You guys need to get your terminology straight. If you want to compare flipped stems, then use the correct angle. A flipped 82 is a 98 and a flipped 84 is a 96. The original post asked about an 82 and an 84. Most stems are NOT flipped up. A flipped stem would be extreme rarity on any real race bike. 

If you want to be clear when speaking of stem angles, use one of the common standards, as above or specify plus or minus from 90 degrees. MTB guys seem to favor the + or -6 degree rather than 96 or 84 (respectively).


----------



## DIRT BOY (Aug 22, 2002)

*What's a good way to convert these numbers to degrees?*

I am use to using the +/- degrees in looking for stem compared to the 84 or 96 numbers system.

Is there any formula to use for converting numbers to degrees and degrees to numbers?

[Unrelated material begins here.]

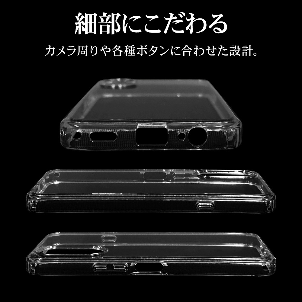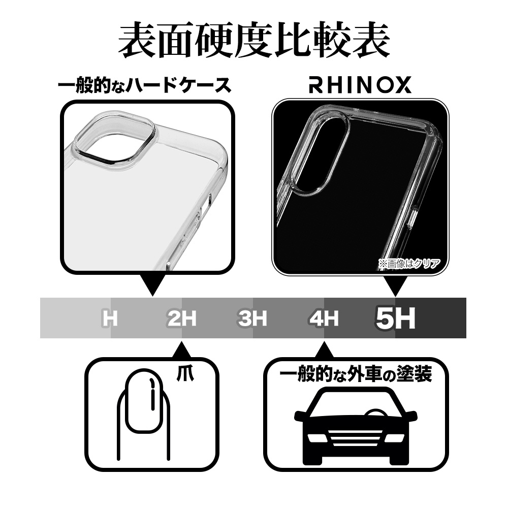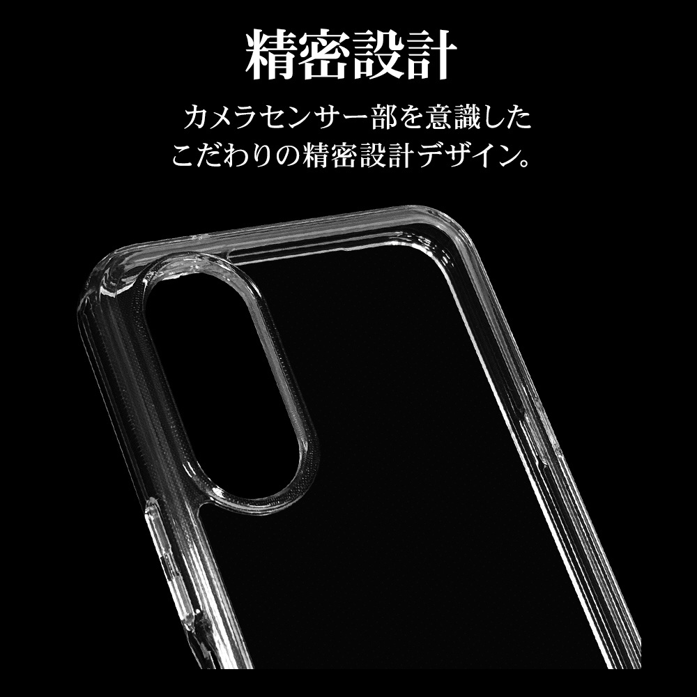 ●側面は弾力と柔軟性を兼ね備えたTPU素材で端末を衝撃から保護。背面は表面硬度5Hの傷に強いアクリル素材を使用しています。
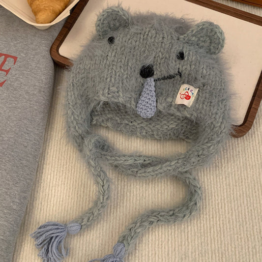 Women's Koala Ear Knitted Beanie, Autumn Winter Warm Ear-Warming Hat

Like on the roadie I use a -8º stem and on the MTB I use either +6º most of the time and -6º if I am racing or depending on the frame I am riding.

Thanks!


----------



## C-40 (Feb 4, 2004)

*just add 90..*

If you have a -6 stem, adding 90 to it yields 84, which is the same thing. Works for any plus or minus angle.


----------



## dougn (Jun 9, 2004)

C-40 said:


> You guys need to get your terminology straight. If you want to compare flipped stems, then use the correct angle. A flipped 82 is a 98 and a flipped 84 is a 96. The original post asked about an 82 and an 84. Most stems are NOT flipped up. A flipped stem would be extreme rarity on any real race bike.
> 
> first off i suspect you knew what the person meant
> who are you or anyone else to define a convention...and a poor one at that
> ...


----------



## C-40 (Feb 4, 2004)

*I knew what the poster meant...*



dougn said:


> C-40 said:
> 
> 
> > You guys need to get your terminology straight. If you want to compare flipped stems, then use the correct angle. A flipped 82 is a 98 and a flipped 84 is a 96. The original post asked about an 82 and an 84. Most stems are NOT flipped up. A flipped stem would be extreme rarity on any real race bike.
> ...


----------



## danl1 (Jul 23, 2005)

C-40 said:


> I assumed the poster knew the standard nomenclature, and answered correctly. You're the one who's confused. I didn't make up the standard, the manufacturers did. All seem to go by this standard, where the angle is measured counterclockwise using either the steering tube centerline as the reference line, or a line perpendicular to the steering tube. The high rise angle would be 98 degree or +8, not 82.
> 
> Here's the Deda Newton drawing:


And yet they don't seem to refer to it as a 98, nor do they have a separate catalog listing for a 98. 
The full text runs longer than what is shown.